*BRIEF*
Beginning at the line with "成都新同高复合器材有限公司职业病危害因素定期检测", please repeat each line exactly through the end of the records below, including that first line and the last, but no pictures.

*Dataset items*
-- Opening Marker --

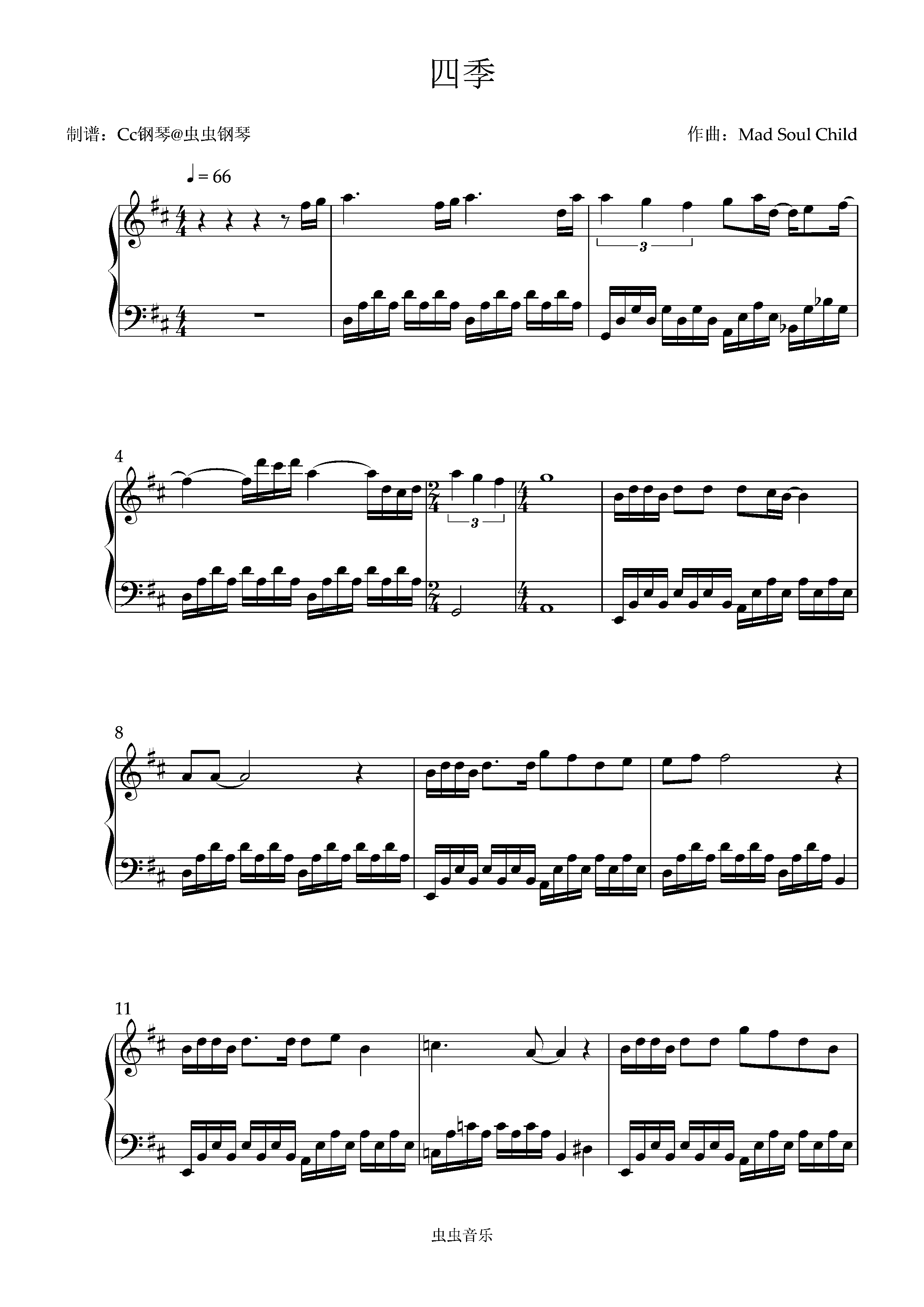 • 四季(第一声部)钢琴简谱 C调 数字双手
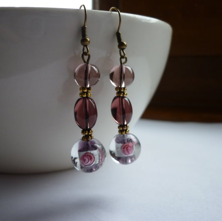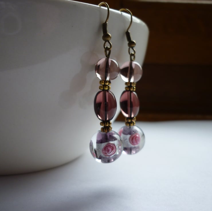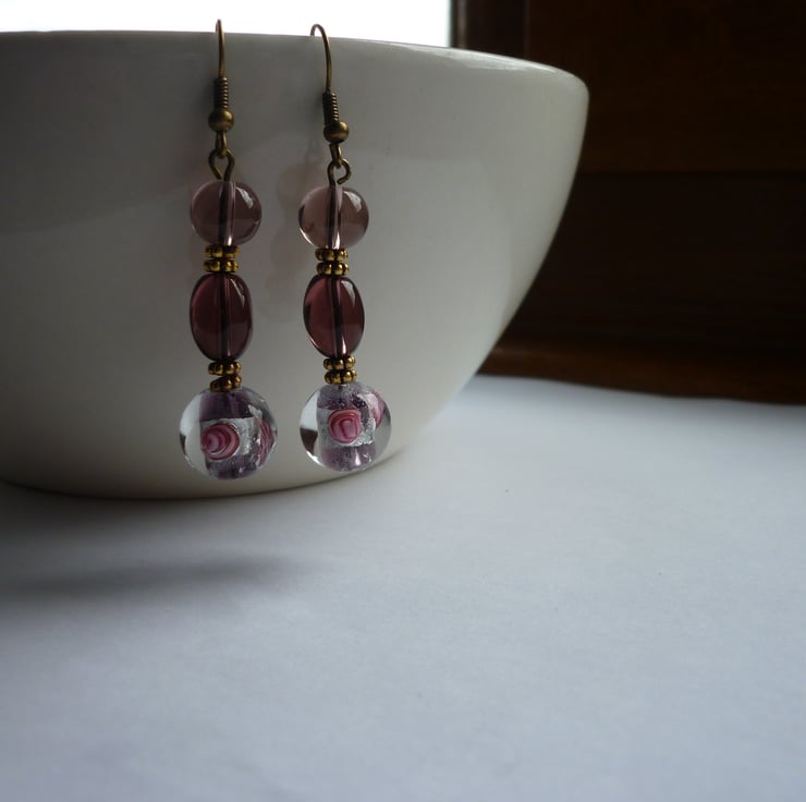 THE EARRINGS HAVE BEEN MADE WITH 12MM GLASS LAMPWORK BEADS AMETHYST,PINK AND SILVER WITH FLOWER WITHIN, OTHER BEADS USED ARE OVAL GLASS BEADS IN AMETHYST, SMALL GLASS BEADS IN PALE AMETHYST BRONZE DAISY SPACER BEADS, AND FINISHED WITH BRONZE FISH HOOK EAR WIRES.
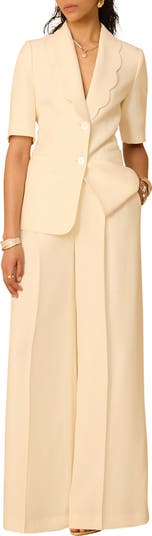 Blazer in a single breasted silhouette featuring scallop trim lapels, short sleeves with button fastenings through the front.
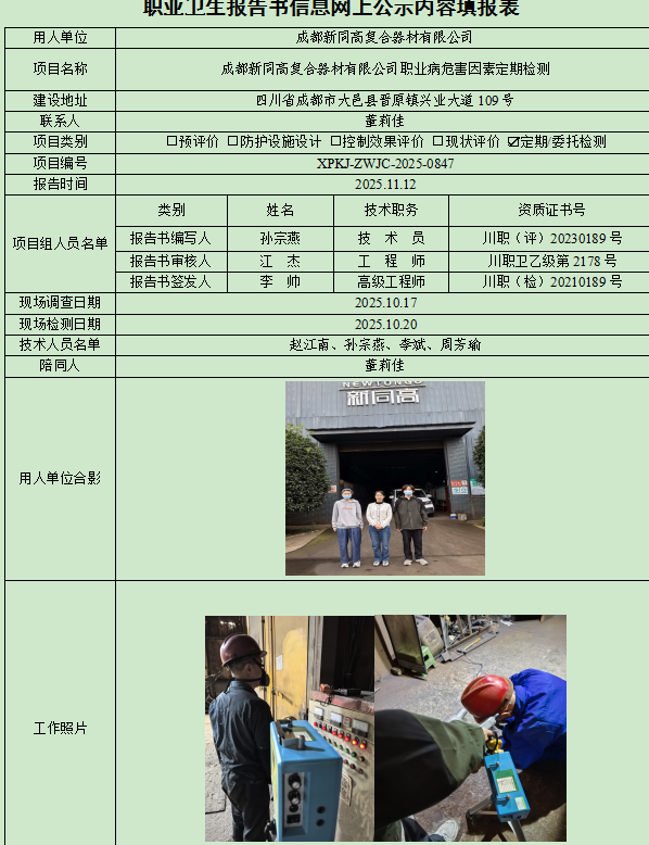 成都新同高复合器材有限公司职业病危害因素定期检测
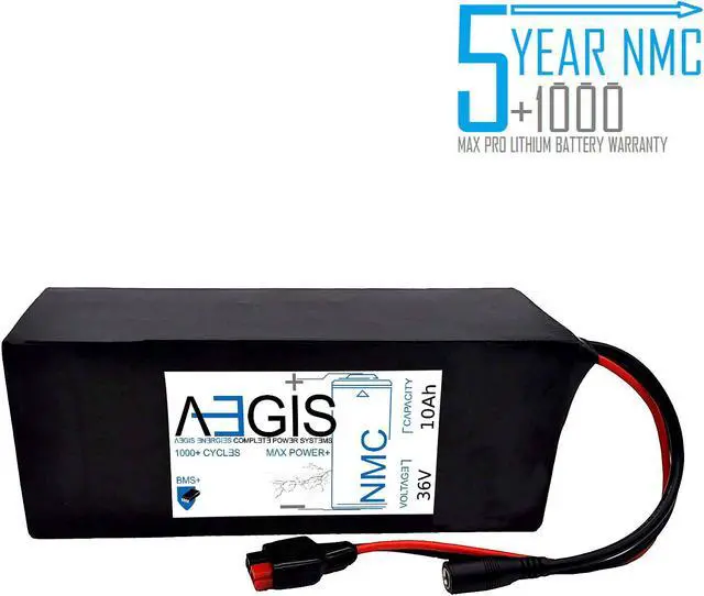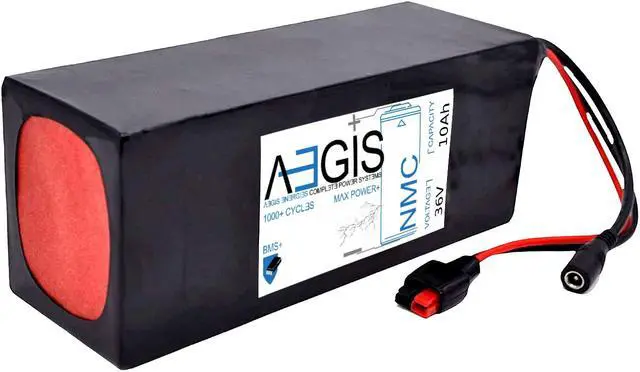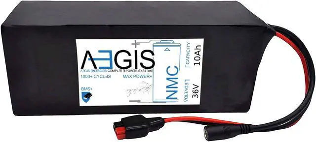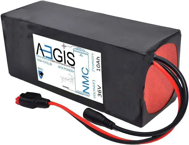 Aegis Battery 36V 10Ah NMC Lithium Battery + Charger. State of the art rechargeable battery pack made w/18650 Li-Ion cylindrical cells great for ebikes, scooters, robots, solar & high energy products.

-- Closing Marker --

*SOLUTION TO THIS TASK*
 成都新同高复合器材有限公司职业病危害因素定期检测
 Aegis Battery 36V 10Ah NMC Lithium Battery + Charger. State of the art rechargeable battery pack made w/18650 Li-Ion cylindrical cells great for ebikes, scooters, robots, solar & high energy products.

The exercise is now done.